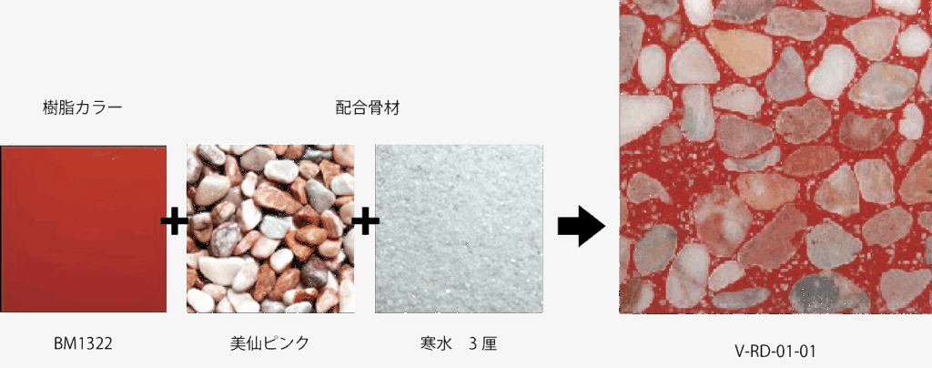 標準12色の他、自由なカラーバリエーションのエポキシ樹脂と表情豊かな天然骨材の配合で、仕上がりイメージは無限にひろがります。
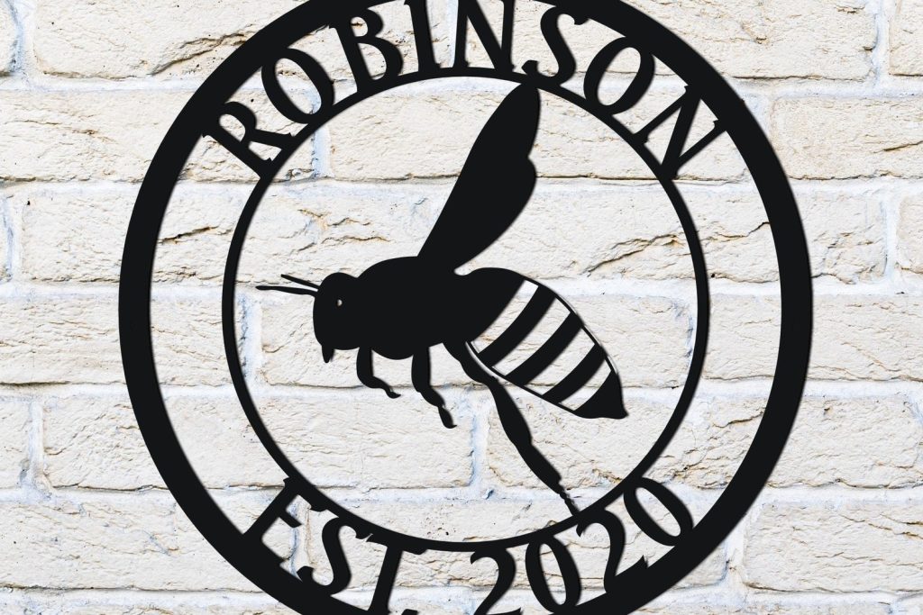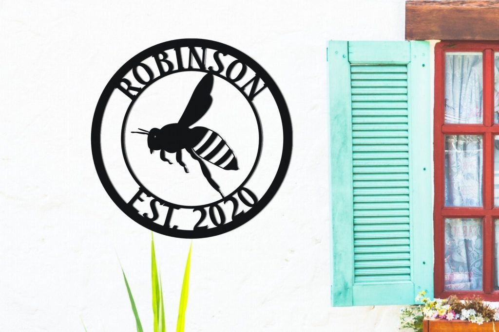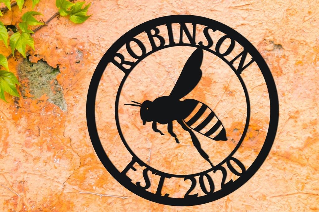 Be the first to review “Honey Bee Sign – Personal Metal Family Name, Bee Farm Decor”
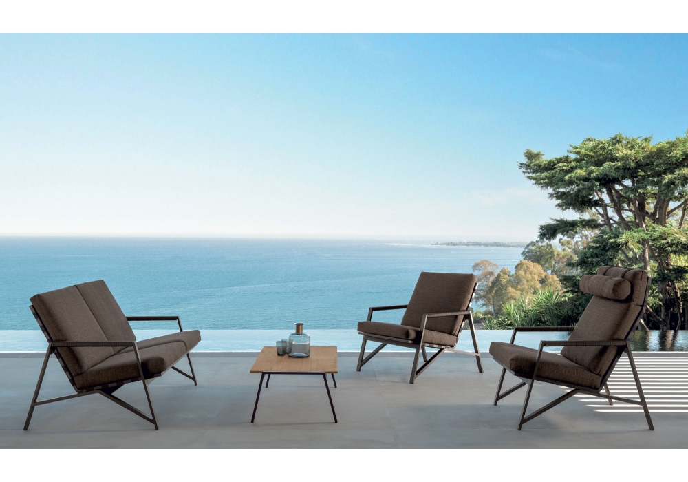 Cottage ist ein Sessel, den Ramón Esteve für Talenti entworfen hat. Pulverbeschichtete Aluminiumstruktur in verschiedenen Varianten erhältlich. Der Sitz und die Rückenlehne werden von synthetischen elastischen Bändern gestützt, die auf die Farbe der Armlehnenkordel abgestimmt sind. Herausnehmbare Kissen, leicht zu waschen und witterungsbeständig.
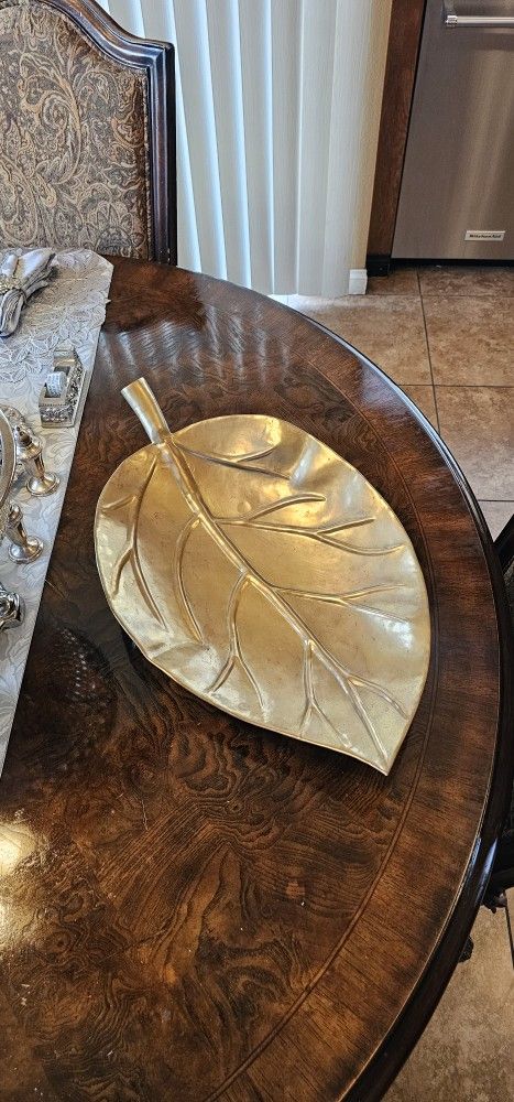Vintage Solid Brass Leaf Tray Decorative 23" / MCM / Hollywood Recency / Decor / Antique / Unique / Living Room / Great Gift / Collectible / Collector
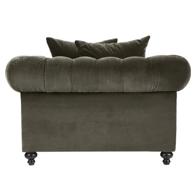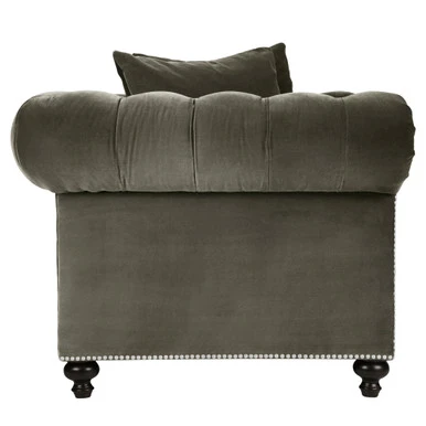 Combining notched arms, deep button tufting, and gleaming nailhead trim, the handcrafted pieces in our Hampstead Collection deliver timeless elegance and a dash of glamour to any room, while kiln-dried hardwood frames and ample padding ensure long-lasting comfort and support. Shown in Bella Velvet Otter brushed silver nailheads.
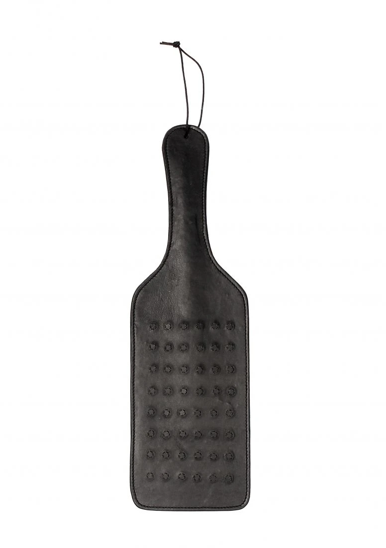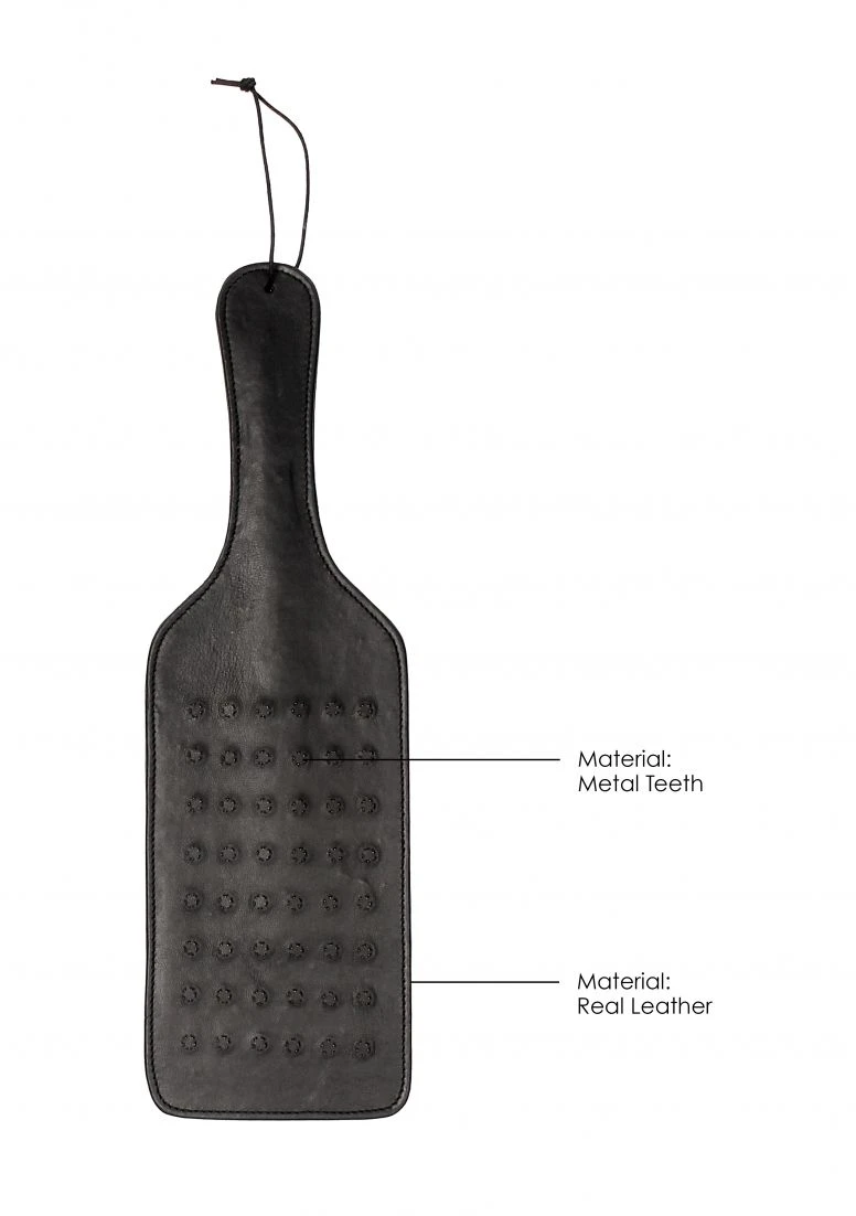 If you like your submission play a little more extreme, the OUCH! LARGE VAMPIRE PADDLE is a must-have! This kinky spanker made of high-quality lamb/saddle leather will give an extreme twist to all of your impact play fantasies. The Vampire Paddle has 48 spiky studs to tease your sub’s anticipating body. It will bite into the skin to deliver intense sensations and it both looks and feels the part, in even the kinkiest of scenarios. The paddle has a total length 41cm (17”) including the handle of 15cm (5.9”). It has a width of 14cm (5.5”) and weighs a respectable 380 grams (13.4oz).

********

__AIM OF THE TASK__
If a record holds a picture, skip the picture and write out everything else exactly.

__SOLUTION FOR THIS EXERCISE__
 標準12色の他、自由なカラーバリエーションのエポキシ樹脂と表情豊かな天然骨材の配合で、仕上がりイメージは無限にひろがります。
 Be the first to review “Honey Bee Sign – Personal Metal Family Name, Bee Farm Decor”
 Cottage ist ein Sessel, den Ramón Esteve für Talenti entworfen hat. Pulverbeschichtete Aluminiumstruktur in verschiedenen Varianten erhältlich. Der Sitz und die Rückenlehne werden von synthetischen elastischen Bändern gestützt, die auf die Farbe der Armlehnenkordel abgestimmt sind. Herausnehmbare Kissen, leicht zu waschen und witterungsbeständig.
Vintage Solid Brass Leaf Tray Decorative 23" / MCM / Hollywood Recency / Decor / Antique / Unique / Living Room / Great Gift / Collectible / Collector
 Combining notched arms, deep button tufting, and gleaming nailhead trim, the handcrafted pieces in our Hampstead Collection deliver timeless elegance and a dash of glamour to any room, while kiln-dried hardwood frames and ample padding ensure long-lasting comfort and support. Shown in Bella Velvet Otter brushed silver nailheads.
 If you like your submission play a little more extreme, the OUCH! LARGE VAMPIRE PADDLE is a must-have! This kinky spanker made of high-quality lamb/saddle leather will give an extreme twist to all of your impact play fantasies. The Vampire Paddle has 48 spiky studs to tease your sub’s anticipating body. It will bite into the skin to deliver intense sensations and it both looks and feels the part, in even the kinkiest of scenarios. The paddle has a total length 41cm (17”) including the handle of 15cm (5.9”). It has a width of 14cm (5.5”) and weighs a respectable 380 grams (13.4oz).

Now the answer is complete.